● Work order:
Only the lines below from the one containing "Fig. 5. Display of Media Application" through the one containing "Logix Control Panel" belong in the answer, repeated exactly and without pictures.

● Dataset extract:
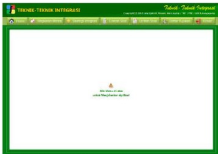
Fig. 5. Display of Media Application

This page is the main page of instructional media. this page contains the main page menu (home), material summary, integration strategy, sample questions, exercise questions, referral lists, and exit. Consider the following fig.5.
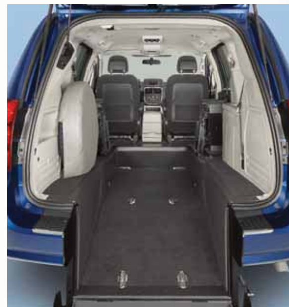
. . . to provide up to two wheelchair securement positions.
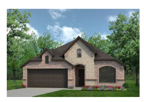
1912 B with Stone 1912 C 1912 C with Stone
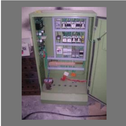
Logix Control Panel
--
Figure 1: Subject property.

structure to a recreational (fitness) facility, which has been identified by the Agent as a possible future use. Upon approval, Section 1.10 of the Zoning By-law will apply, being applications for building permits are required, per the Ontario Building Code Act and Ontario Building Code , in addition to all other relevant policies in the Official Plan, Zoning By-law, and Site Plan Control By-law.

● Result of this task:
Fig. 5. Display of Media Application

This page is the main page of instructional media. this page contains the main page menu (home), material summary, integration strategy, sample questions, exercise questions, referral lists, and exit. Consider the following fig.5.
. . . to provide up to two wheelchair securement positions.
1912 B with Stone 1912 C 1912 C with Stone
Logix Control Panel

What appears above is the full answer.